Di Carmine Di Sevo
Il cambiamento suggerisce l’idea di attesa di qualcosa che deve avvenire o che può avvenire anche spontaneamente. Alcune cose, però, credo di averle già capite difendendo me e le persone che amo dalla minaccia di questo nemico invisibile e insidioso.
Mi riferisco alla prova luminosa di coraggio e altruismo dei medici e degli infermieri impegnati in prima linea e che rischiano in prima persona nella guerra contro la malattia.
Mi riferisco alla straordinaria impresa della costruzione di un ospedale in meno di dieci giorni a Bergamo e, cosa non meno straordinaria, con mano d’opera completamente gratuita offerta, insieme, da operai, alpini e ultras dell’ Atalanta.
Ripenso alle bandiere tricolore ed ai cartelli “andrà tutto bene” esposti alle finestre di un popolo che non è affatto superficiale e indifferente ma che di fronte alla chiamata alle armi della responsabilità risponde, compatto: presente.
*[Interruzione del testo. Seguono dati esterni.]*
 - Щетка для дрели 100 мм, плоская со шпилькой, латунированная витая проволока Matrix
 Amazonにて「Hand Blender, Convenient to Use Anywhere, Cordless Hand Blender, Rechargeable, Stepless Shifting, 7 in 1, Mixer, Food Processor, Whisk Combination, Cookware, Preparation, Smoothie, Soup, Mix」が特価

Provo orgoglio e fierezza nel vedere come i miei genitori tutelino i miei nonni aiutandoli nella spesa o nell’ assicurazione delle medicine necessarie, ma privandosi del piacere di intrattenersi con loro e di abbracciarli. Ho capito che il rispetto è più forte dell’affetto e ho pensato ad Enea che fugge da Troia in fiamme con l’anziano padre sulle spalle.
Ho visto il mio Paese additato nel mondo per il coraggio delle misure che ha adottato nell’emergenza della pandemia, perché ha scommesso su di noi, mandandoci a scuola senza farci uscire di casa. E noi?
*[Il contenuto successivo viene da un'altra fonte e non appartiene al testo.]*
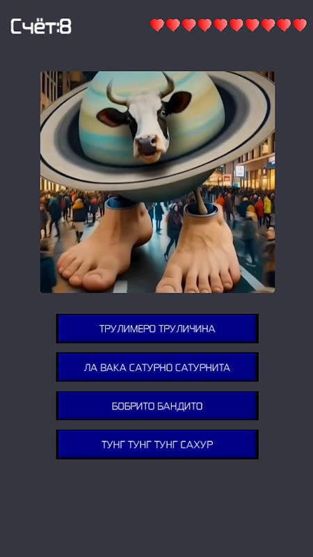 ❤️ 您有 10 条命 - 每次犯错都会消耗一条命。犯了错误?没关系,您可以重新开始,尝试打破自己的纪录!如果您足够幸运,就能在《意大利动物问答》中坚持到最后并正确回答所有问题。
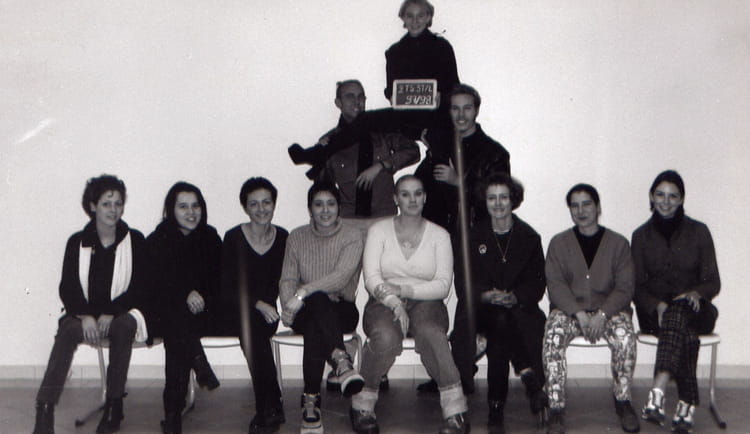 Naviguez en cliquant sur la photo. 1998 - BTS Stylisme de mode - Lycée sévigné avec Mme Pouhaer,Jean mary, Greg, Berangere,Nathalie, Marjo, Vanessa, Gab, Marie sabrine et Marie. Sur la photo David GUENARD Grégory BAMETZ Signaler un abus
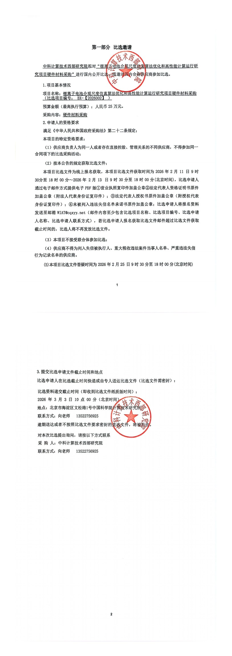 锂离子电池介观尺度仿真算法优化和高性能计算运行研究项目硬件材料采购公告
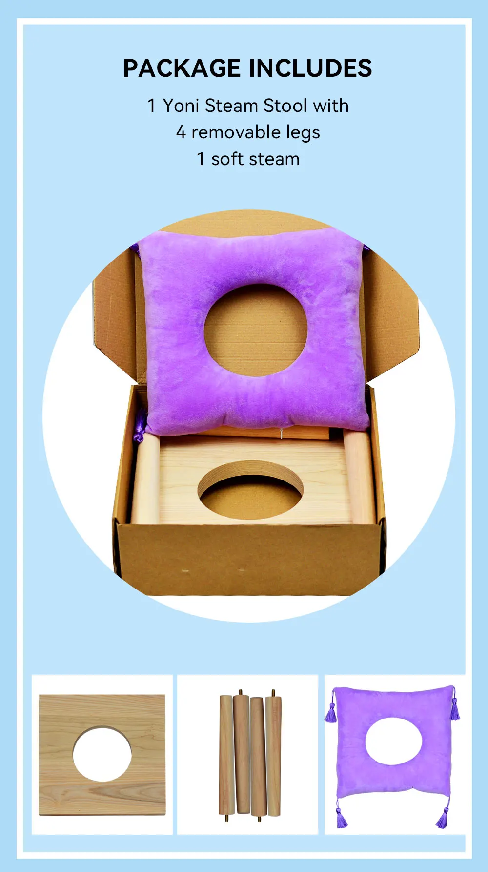 Посылка включает в себя: 1 паровой стул Yoni с 4 съемными ножками и 1 мягкой паровой подушкой.
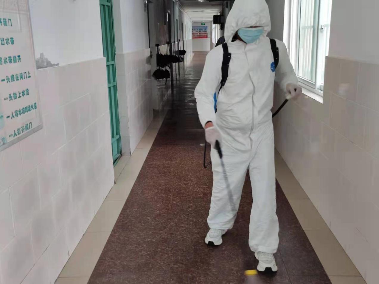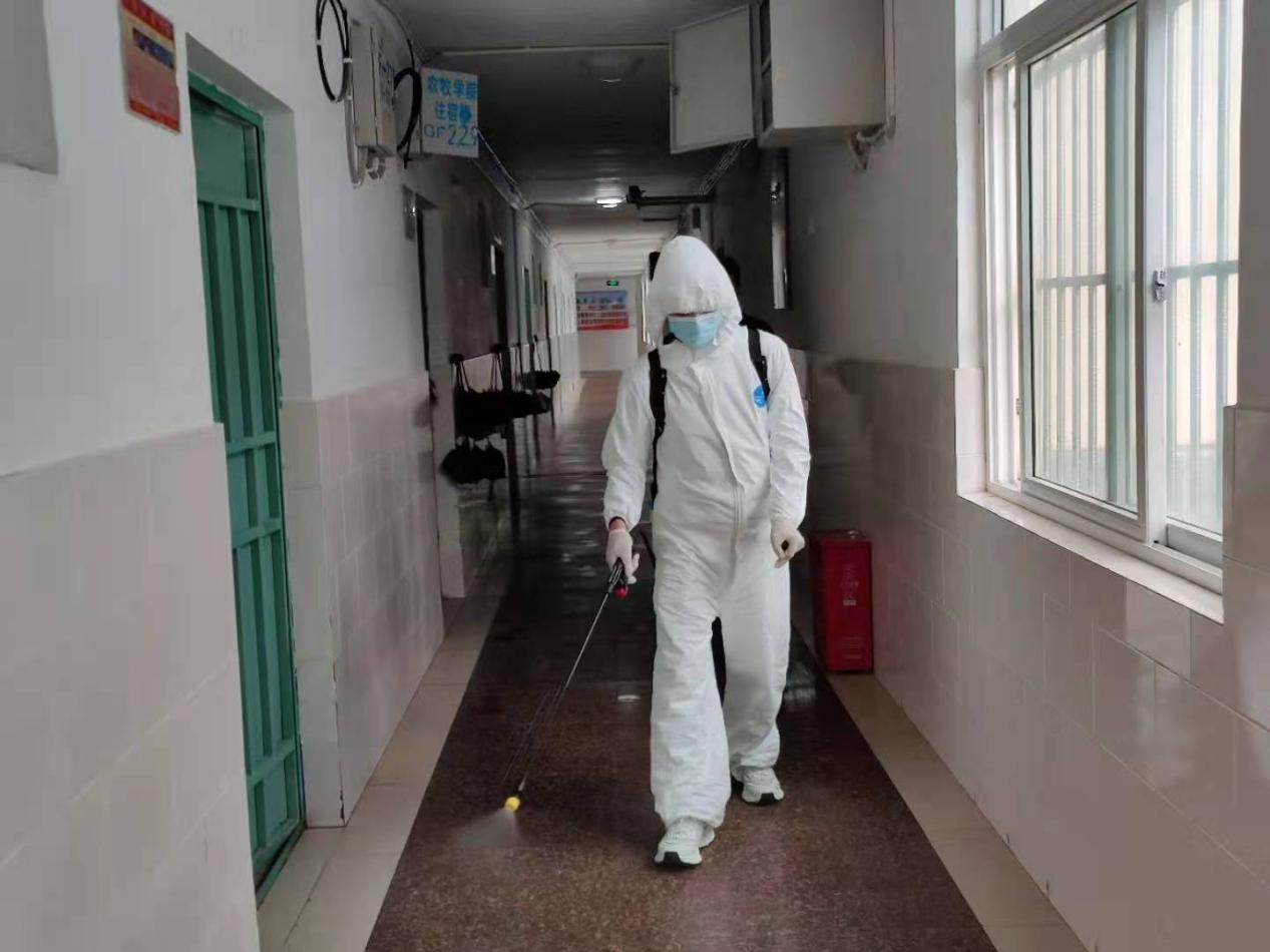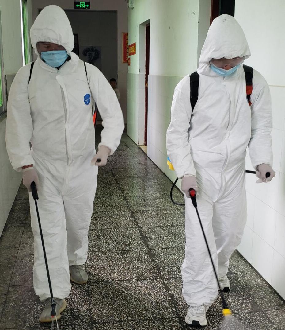 党员工作站站长郭正源以及宣传委员王悦两名同志利用中午大家休息的时间,佩戴工作证、身着防护服,佩戴防护装备(眼罩、口罩、手套),携带2台喷雾机,严格按照操作规范、按比例配兑消毒液分别对3幢、15幢整栋楼以及11幢2、3楼,19幢4、5、6层楼梯间、过道、走廊各区域进行全面消毒,不留死角,不留盲区,实实在在为学生的健康安全保驾护航,杜绝病毒传播或残留,防止疫情的传播蔓延。

Noi, quelli fragili, quelli deboli, quelli superficiali, quelli per i quali essere veramente preoccupati?
NOI ABBIAMO RETTO ALL’URTO e stiamo studiando e ci stiamo incontrando e ci stiamo vedendo, come già sapevamo fare da sempre e trasformando in arma vincente il motivo per cui “i grandi” ci hanno sempre criticati. Ho visto iniziative solidali di gente in difficoltà che aiuta gente con difficoltà ancora maggiori, perché non può permettersi più la spesa quotidiana.
Ho visto la generosità di un un popolo “in carcere” che dona soldi e materiale medico. Ho avvertito, forse per la prima volta davvero, che gli Italiani si sono sentiti vicini e stretti. Ho capito che non posso e non devo aspettare alcun cambiamento.
Il cambiamento si provoca e si persegue, non si aspetta. Il cambiamento è già in atto e, soprattutto, ora so che ne siamo assolutamente capaci.